Auch für Deutschland ist ein Staatsfonds vorgesehen, der das Kapital der Versicherten zu Kosten von maximal 0,1 Prozent pro Jahr anlegen soll. Als konkreter Kandidat für das Fondsmanagement gilt der KENFO – der staatliche Fonds zur Finanzierung der kerntechnischen Entsorgung. Öffentlich signalisiert hat KENFO-Vorstandsvorsitzende Anja Mikus laut der Frankfurter Allgemeinen Zeitung die Bereitschaft ihres Hauses: "Wir haben jetzt die Plattform dafür und wir haben die Kompetenz dafür", so Mikus.

2025 erzielte der Fonds eine Rendite von 6,2 Prozent, im ersten Halbjahr 2026 legte er trotz Marktturbulenzen um weitere 7,9 Prozent zu. Die politische Entscheidung über das Fondsmandat soll die Bundesregierung voraussichtlich im Herbst 2026 treffen.

Zinseszinseffekt und Renditechancen: Was die Kapitalrente für Versicherte leisten kann

Auf die historische Stärke der Aktienmärkte verweisen Befürworter des Modells. Laut dem Deutschen Aktieninstitut erzielte ein 20-jähriger DAX-Sparplan im Schnitt rund acht Prozent Rendite pro Jahr – und das trotz Dotcom-Blase, globaler Finanzkrise und Euro-Schuldenkrise. Stephan Leithner, Vorstandsvorsitzender der Deutschen Börse AG, bewertet das Vorhaben positiv: "Den Kapitalmarkt nach schwedischem Modell in die gesetzliche Rentenversicherung einzubeziehen, ist der große Wurf, der nötig war", so Leithner. Hinzu kommt ein volkswirtschaftlicher Nebeneffekt: Bundeskanzler Merz erwartet, dass durch die Kapitalrente jährlich mindestens 30 Milliarden Euro zusätzlich in die Wirtschaft fließen – und damit auch Börsengänge und Unternehmensinvestitionen in Deutschland attraktiver werden.
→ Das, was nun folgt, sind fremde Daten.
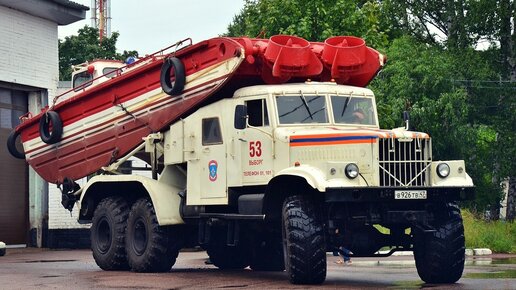 На просторах интернета периодически попадаются фотографии необычного пожарного автомобиля - КРАЗ-255Б с пожарным катером.
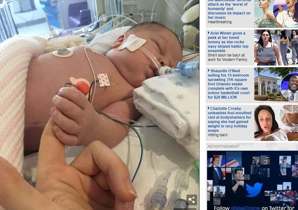 但女嬰健康狀況越來越慘,在出生第5天時,連醫生都表明沒有存活下來的機會。父母得知後不想女兒過得太痛苦,便決定拔掉生命維持器,送女兒到天堂好好休息,當一個快樂的小天使。
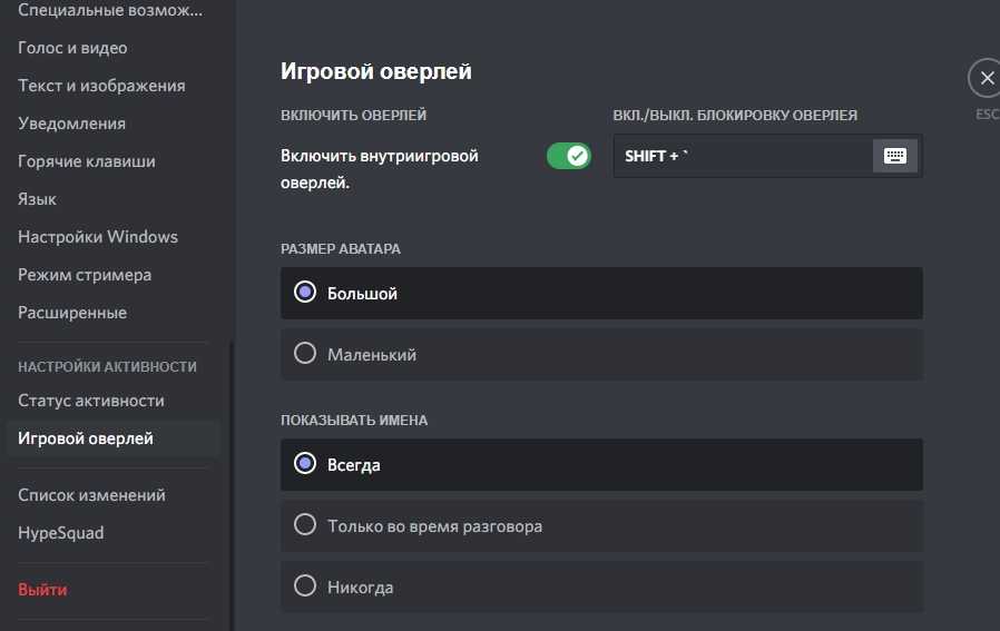 - Включить/выключить блокировку оверлея. Здесь необходимо указать сочетание клавиш, с помощью которого можно скрывать и отображать окно оверлея.

Die zentralen Vorteile des Modells im Überblick:

  • Investitionen in global diversifizierte Aktien und Indexfonds bieten höhere Renditechancen als das Umlagesystem allein
  • Der Zinseszinseffekt entfaltet bei langer Ansparzeit eine erhebliche Wirkung – laut dem Finanzmagazin FundResearch wächst aus sieben eingezahlten Monatsgehältern bei fünf Prozent Rendite über 30 Jahre mehr als das Doppelte
  • Die geplanten Fondskosten von 0,1 Prozent pro Jahr liegen deutlich unter denen vergleichbarer privater Anlageprodukte
  • Junge Menschen profitieren durch die Frühstart-Rente von einem staatlich geförderten Einstieg in die Altersvorsorge

Doppelbelastung und soziale Risiken: Wer von der Kapitalrente benachteiligt wird

Nicht alle Fachleute teilen den Optimismus. Kommissionsmitglied Peter Bofinger räumte gegenüber der Tageszeitung taz ein, die Kapitalrente sei beim Gesamtkompromiss "tatsächlich das Hauptproblem". In der Übergangsphase müssen Beschäftigte gleichzeitig ins Umlagesystem und in den neuen Kapitalstock einzahlen – eine spürbare Doppelbelastung. Christian Machts, Country Head Deutschland und Österreich beim Vermögensverwalter Franklin Templeton, benennt das Grundprinzip klar: "Sie ergänzt das bisher überwiegend umlagefinanzierte Rentensystem um ein kapitalmarktorientiertes Element", erklärt Machts auf Anfrage des Portals news.de – und genau das bedeutet in der Aufbauphase: mehr Beitrag, bevor der Ertrag fließt.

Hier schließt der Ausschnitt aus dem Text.